◆ **EXERCISE GOAL**: Exactly as they appear, please output the lines from the one with "OTRA PARADA: La" through the end of the material, without pictures.

◆ **RECORDS SUPPLIED**:
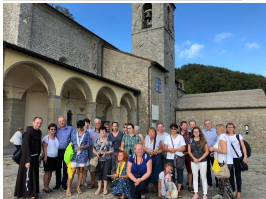
La Verna, gdzie św. Franciszek otrzymał stygmaty
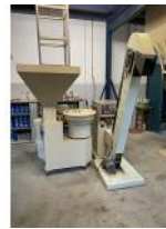
Referencia: NRM-006 LINEA DE MARCAJE A TINTA PARA ... Año: 2006 Marca: AZEBEDOS INDUSTRIA
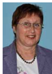
ÖGZMK ZV NÖ
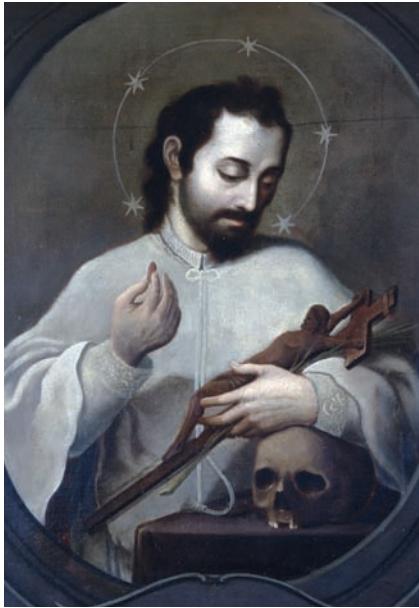
16. Francisco Antonio Vallejo (atribución), San Juan Nepomuceno , segunda mitad del siglo XVIII, óleo sobre tela. Colección Museo Soumaya. Fundación Carlos Slim, A.C. / Ciudad de México.
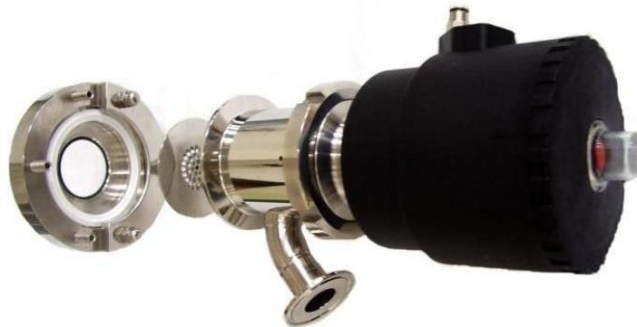
Zawór VFA z kołnierzem do montażu do zbiornika

Każdy zawór jest oznaczony logo producenta, wskazaniem kierunku przepływu, materiałem wykonania oraz numerem wytopu dla pełnej identyfikacji.
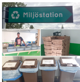
Person på bilden Torbjörn Risberg, GS

Bjurholms nya miljöstation finns på Industrivägen 5, bakom fastigheten följ skyltarna. Miljöstationen är öppen onsdagar kl.12.15-15.00.
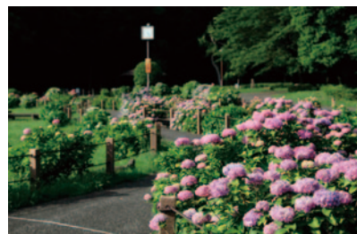
芹沢公園に咲くアジサイ
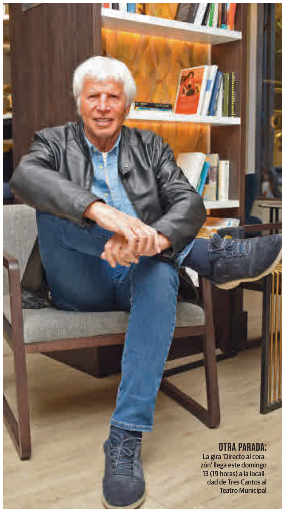
OTRA PARADA: La gira ‘Directo al corazón’ llega este domingo 13 (19 horas) a la localidad de Tres Cantos al Teatro Municipal

fue un éxito que nadie imaginábamos, tan grande que ha servido para que artistas como Sergio Dalma hicieran versiones y también ayudaran a que ‘El jardín prohibido’ estuviera siempre en el recuerdo”. Gracias a ese tema, el nombre de Sandro Giacobbe empezó a ser tremendamente popular en nuestro país, generando una legión de fans que protagonizaron anécdotas increíbles: “Me acuerdo que, en una ocasión, iba a actuar en ‘El gran musical’, un
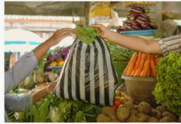
البَّائِعَةُ تَبِيعُ الخَضِرَوَاتَ
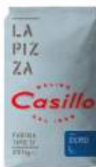
FARINA PER PIZZA O L KG25
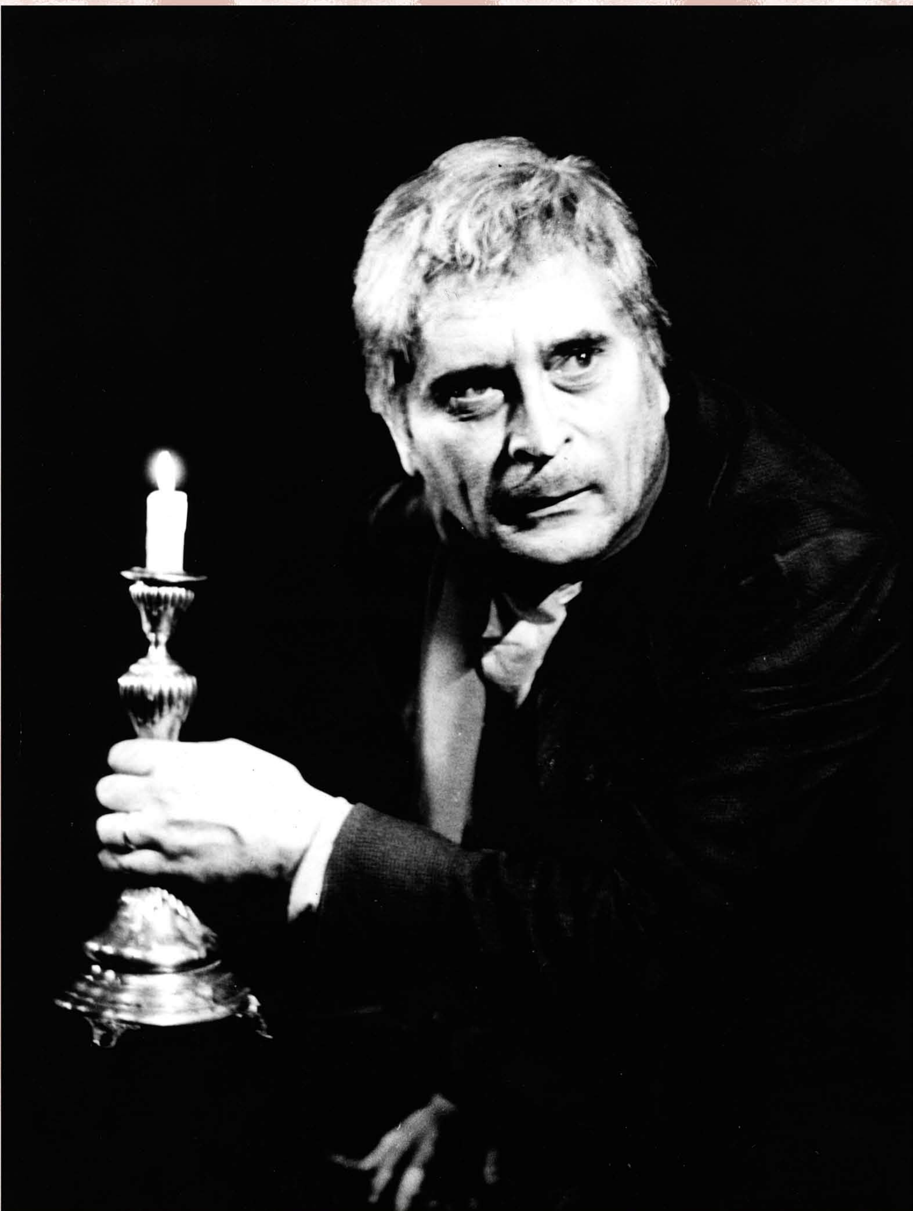
DAVID SCROOGE (Cikker, Mister Scrooge, 1963)
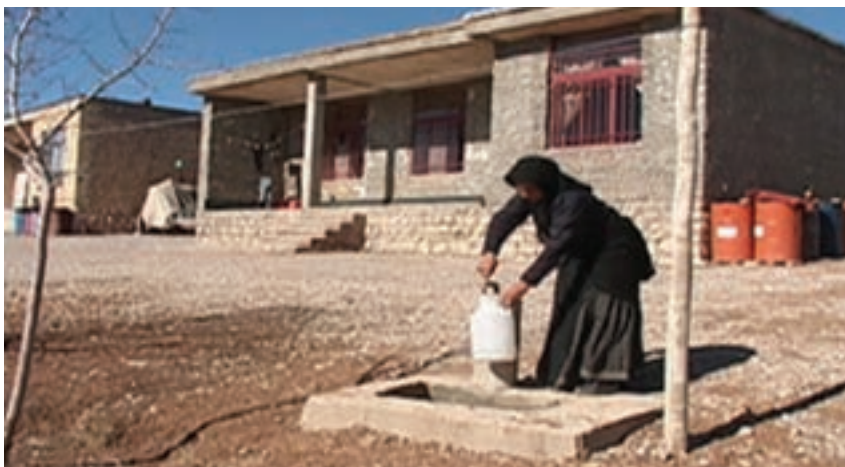
شکل ۱۵-۲- نوسازی روستاها در استان - سمیرم

◆ **RESULT FOR THIS TASK**:
OTRA PARADA: La gira ‘Directo al corazón’ llega este domingo 13 (19 horas) a la localidad de Tres Cantos al Teatro Municipal

fue un éxito que nadie imaginábamos, tan grande que ha servido para que artistas como Sergio Dalma hicieran versiones y también ayudaran a que ‘El jardín prohibido’ estuviera siempre en el recuerdo”. Gracias a ese tema, el nombre de Sandro Giacobbe empezó a ser tremendamente popular en nuestro país, generando una legión de fans que protagonizaron anécdotas increíbles: “Me acuerdo que, en una ocasión, iba a actuar en ‘El gran musical’, un
البَّائِعَةُ تَبِيعُ الخَضِرَوَاتَ
FARINA PER PIZZA O L KG25
DAVID SCROOGE (Cikker, Mister Scrooge, 1963)
شکل ۱۵-۲- نوسازی روستاها در استان - سمیرم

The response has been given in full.